Delivered infrastructure as code (Terraform modules) and CI automation (pytest + terraform fmt checks; manual Terraform plan/apply workflow supporting OIDC or access keys).

Architecture


(1) Ingest path (always-on)
S3 Bronze (jsonl) 
  -> S3:ObjectCreated 
  -> Lambda Ingest (Powertools logs/metrics + DDB idempotency)
  -> SQS Events (DLQ optional)
  -> Lambda Transform (batch + partial batch failure)
  -> S3 Silver (parquet)

(2) Query path (optional, consumes Silver)
S3 Silver (parquet)
  -> Glue Crawler / Data Catalog
  -> Athena (SQL query)

(3) Ops/DQ path (optional, operates on Silver)
S3 Silver (parquet)
  -> Step Functions
  -> Glue Job (compaction / recompute) 
  -> (optional) Great Expectations validation gate


### Architecture (straight-line)

S3 (bronze/*.jsonl)
  └─ ObjectCreated
     └─ Lambda ingest
         ├─ Powertools: Logger / Metrics
         ├─ Powertools Idempotency (DynamoDB, key = bucket/key#etag, TTL)
         └─ SQS (events) [+ DLQ optional]
             └─ Lambda transform (Parquet writer)
                 ├─ Powertools: Logger / Metrics
                 └─ S3 (silver/…/*.parquet)
                     ├─ (optional) Glue Catalog/Crawler → Athena (query as tables)
                     └─ (optional) EventBridge → Step Functions → Glue Job (+ optional Great Expectations gate)

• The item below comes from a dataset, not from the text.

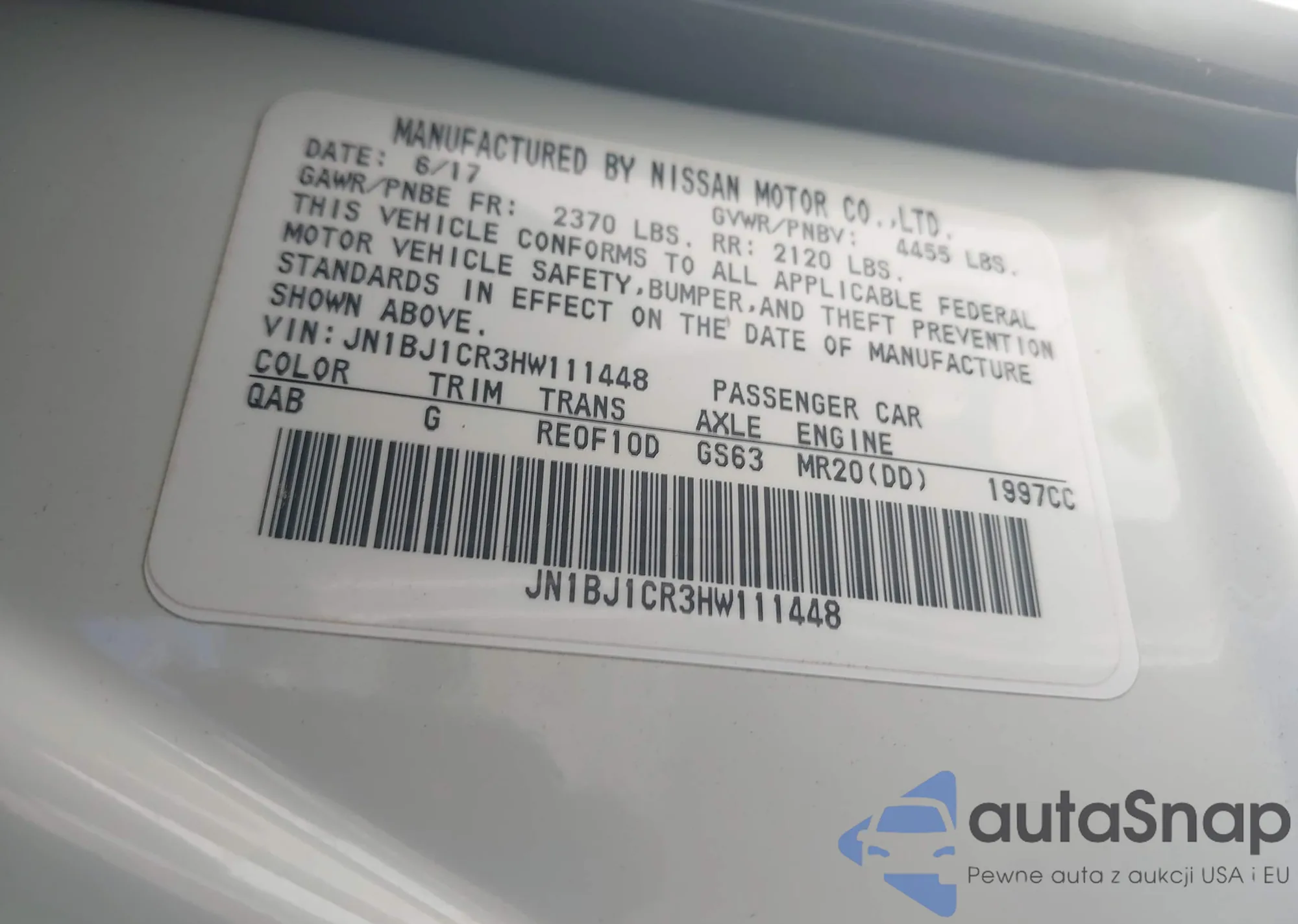 LOT: 42569238 VIN: JN1BJ1CR3HW111448

### Architecture (with optional branches)

S3 (bronze/*.jsonl)
  └─ Lambda ingest (Powertools logs/metrics + idempotency via DynamoDB TTL)
      └─ SQS (events) + DLQ (optional)
          └─ Lambda transform (Parquet writer; Powertools logs/metrics)
              └─ S3 (silver/…/*.parquet)
                  ├─ Branch A (Queryability, optional)
                  │    └─ Glue Catalog/Crawler → Athena tables
                  └─ Branch B (Ops / DQ workflows, optional)
                       └─ EventBridge → Step Functions
                             └─ Task: Glue Job (+ optional Great Expectations gate)

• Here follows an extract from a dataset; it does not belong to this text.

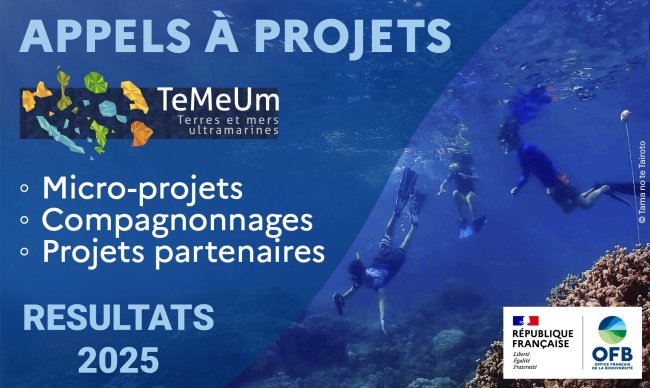 L’OFB ainsi que les partenaires de TeMeUm, sont heureux de présenter les 32 projets lauréats TeMeUm 2025 : 23 micro-projets, 6 compagnonnages et 3 projets partenaires en faveur de la biodiversité ultramarine pourront voir le jour avec le soutien de TeMeUm.

No VPC/EC2 is required for the minimal path.

What’s included

Idempotency: AWS Lambda Powertools Idempotency backed by DynamoDB (conditional writes + TTL under the hood).
Replay/Recovery: scripts/replay.sh (S3-copy replay) + scripts/redrive.sh (SQS native redrive).
Ops orchestration (optional): Step Functions workflow for replay/backfill + downstream readiness polling.
Catalog/Query (optional): Glue Data Catalog + Crawler to query silver/ Parquet in Athena.
Quality gate (optional): Glue Job + Step Functions (optionally auto-triggered via EventBridge).
Observability (optional): CloudWatch Dashboard + Alarms.
Delivery: Terraform modules + GitHub Actions (CI + manual Terraform plan/apply).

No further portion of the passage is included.